> _PROBLEM TO WORK ON_:
Quote exactly, and only, the lines of the material below from the line with "GB/T 5713-2013 纺织品 色牢度试验 耐水色牢度" through the line with "Cama de papas".

> _INFORMATION SUPPLIED_:
=== Section Start ===
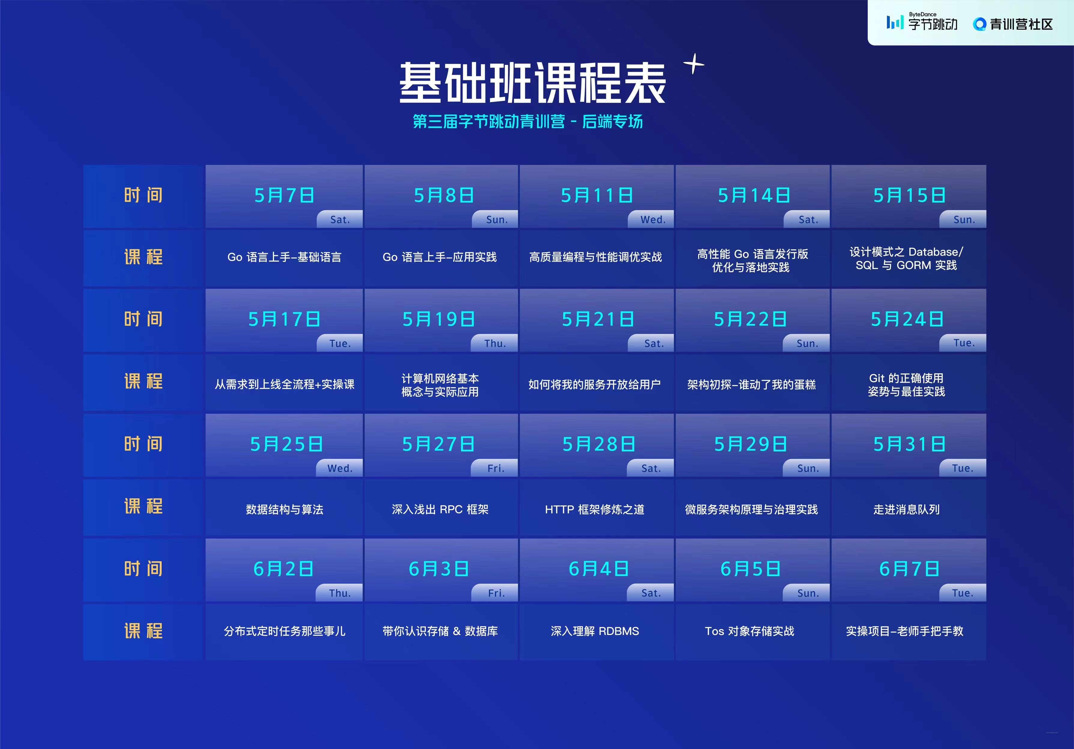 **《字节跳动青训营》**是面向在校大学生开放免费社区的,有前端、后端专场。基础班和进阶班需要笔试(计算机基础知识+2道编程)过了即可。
=== Section End ===
=== Section Start ===
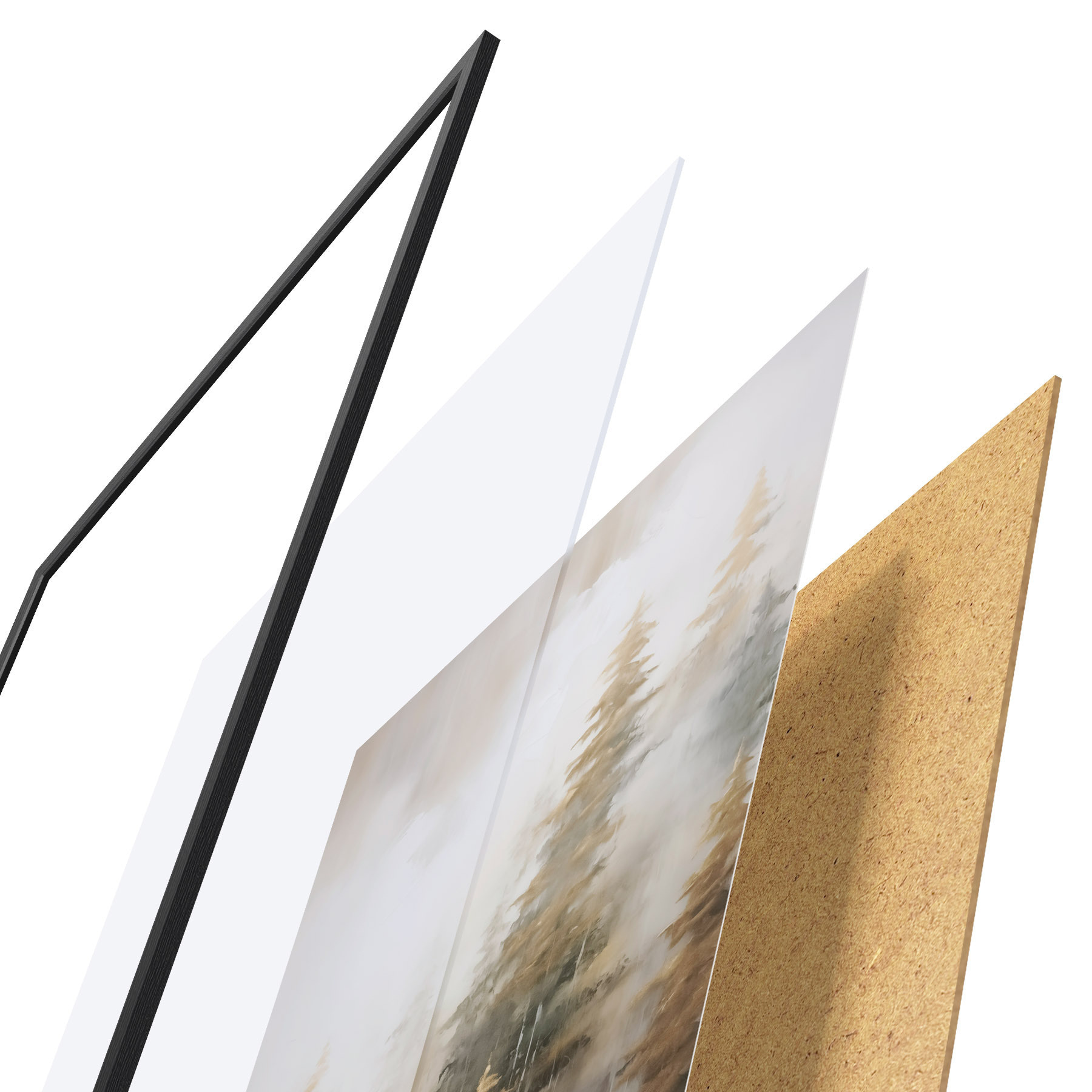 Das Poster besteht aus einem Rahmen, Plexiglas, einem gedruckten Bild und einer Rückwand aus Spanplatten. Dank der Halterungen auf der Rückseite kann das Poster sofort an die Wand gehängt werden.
=== Section End ===
=== Section Start ===
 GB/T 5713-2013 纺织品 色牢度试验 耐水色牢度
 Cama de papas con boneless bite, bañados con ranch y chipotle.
=== Section End ===
> _WRITTEN ANSWER_:
 GB/T 5713-2013 纺织品 色牢度试验 耐水色牢度
 Cama de papas con boneless bite, bañados con ranch y chipotle.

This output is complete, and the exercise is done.